They showed that Random Forest for gender and Support Vector Machines for
Age performed best. In [31], the authors went for Random Forest and Meta
Bagging by Decision Tree as its component classifier. In [33], Naı̈ve Bayes, J48,
Random Forest and Logistic Regression were used for the classification task. The
authors reported that Random Forest performed best for gender and Logistic
Regression for age. In [21], Logistic Regression, Naı̈ve Base, Multi-layer Percep-
tron and Gradient Boosting were used. Furthermore, the authors ensemble all
four classifiers to report the best result.



5   Evaluation of the Submitted Systems

In this section, we discuss the results of the 9 teams that submitted their systems
for the MAPonSMS task. Table 2 shows the age, gender and joint accuracies
obtained by the submitting systems. As can be seen, majority of the systems
performed better than the baseline accuracies.

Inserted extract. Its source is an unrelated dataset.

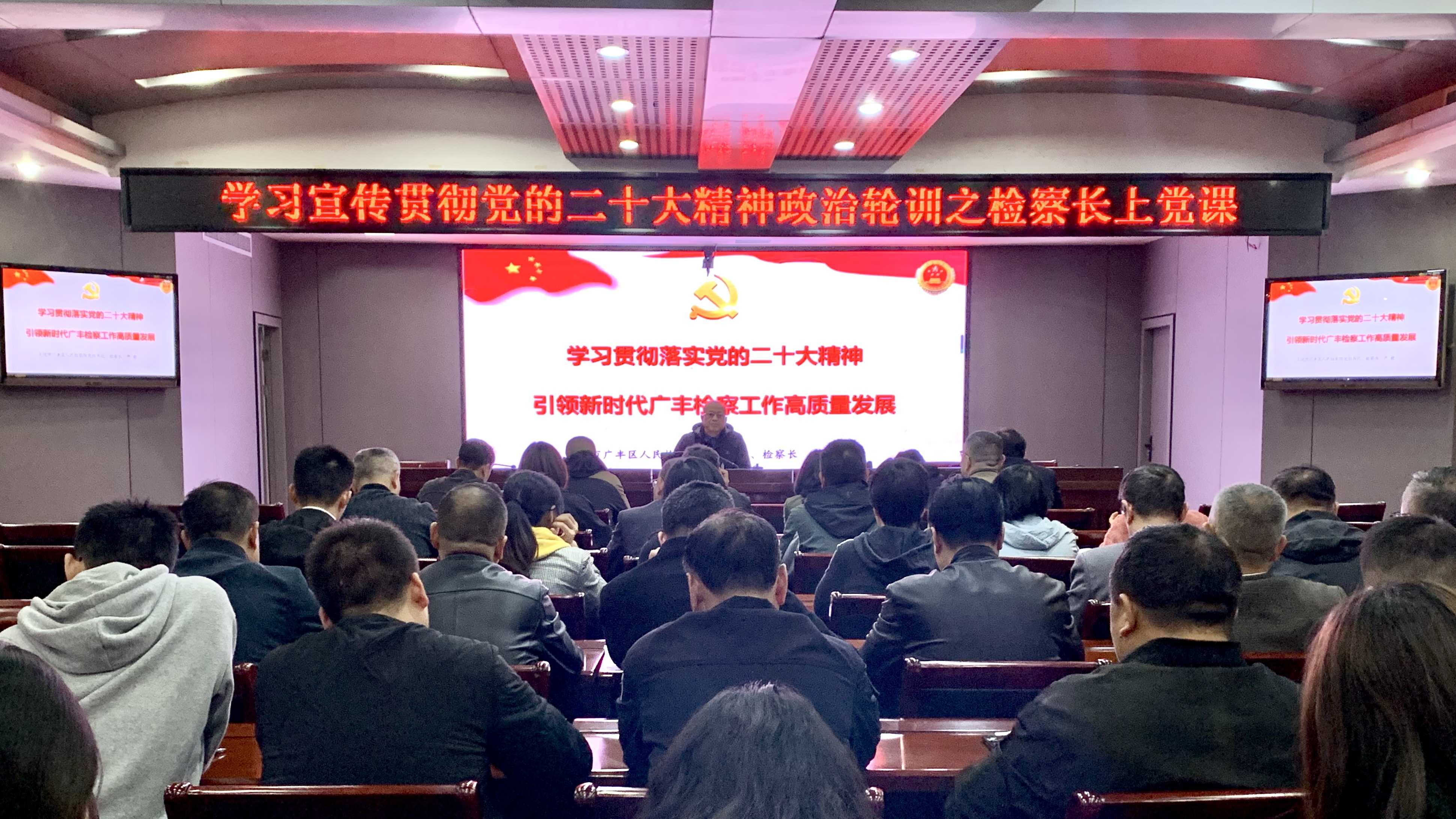 为推动学习宣传贯彻党的二十大精神走深走实,把全体干警的思想统一到党的二十大精神上来,把力量凝聚到党的二十大确定的各项任务上来,近日,广丰区人民检察院党组书记、检察长严毅以“学习贯彻落实党的二十大精神,引领新时代广丰检察工作高质量发展”为主题,为全院干警讲授了一节主题鲜明、内容丰富的专题党课。

The highest reported accuracies
are with sharmila-18, as they performed best in age, gender as well as joint
accuracy. abdul-18 secured the lowest results and is the only approach that is
below the baseline. Expectedly, as the gender prediction was binary classification
task whereas age was multi classification, all the team have performed better in
the former. Moreover, the low scores obtained on age classification has effected
the joint accuracies as well.
    The approach used by sharmila-18 [6] outperformed others and achieved
the highest accuracy for the MAPonSMS task. Their team used both word and
character based Tf-Idf features which resulted in its overall best performance.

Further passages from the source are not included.